In running into the vehicle ahead of her, defendant failed to stop within the assured clear distance ahead, in violation of the specific requirements of Section 4511.21, Revised Code. Unless her conduct was legally excused, such violation constituted negligence per se.
Under the authority of Spalding v. Waxler, 2 Ohio St. 2d 1, the operator of a motor vehicle has control over its brake equipment and the maintenance thereof, and he has a statutory duty to maintain the brakes in good working order at all times. Ordinary care is not sufficient to constitute compliance. Therefore, the brake failure in the instant cases was a self-created emergency. Such an emergency cannot serve as a legal excuse for failure to comply with the assured-clear-distance-ahead provision of Section 4511.21, Revised Code.
Under the circumstances, there was no issue of sudden emergency or unavoidable accident in the cases. It was, there*11fore, error to give an instruction on the subject. See Ricks v. Jackson, 169 Ohio St. 254, 257.

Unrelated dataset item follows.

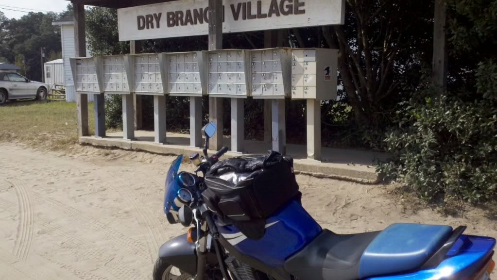You see the sand?  Right at the mailboxes it is packed enough to support the sidestand, no problem. But where I decided to turn around it is about 6 inches deep! Yeah, I dropped it. >:(

In the instant cases, defendant was negligent as a matter of law. Although the question of proximate cause is ordinarily one for the jury (see White v. Ohio Power Co., 171 Ohio St. 148; Clinger v. Duncan, 166 Ohio St. 216), reasonable minds could only conclude that in the instant cases defendant’s negligence was the proximate cause of the collision. The trial court should, therefore, have directed verdicts in favor of plaintiffs on the question of liability and submitted only the question of damages to the jury. See Kehrer v. McKittrick, 176 Ohio St. 192. The judgments of the Court of Appeals are, therefore, reversed.
Judgments reversed.
Taft, O. J., Matthias, O’Neill, Herbert and Brown, JJ., concur. ZimmermaN, J., dissents. Schneider, J., not participating.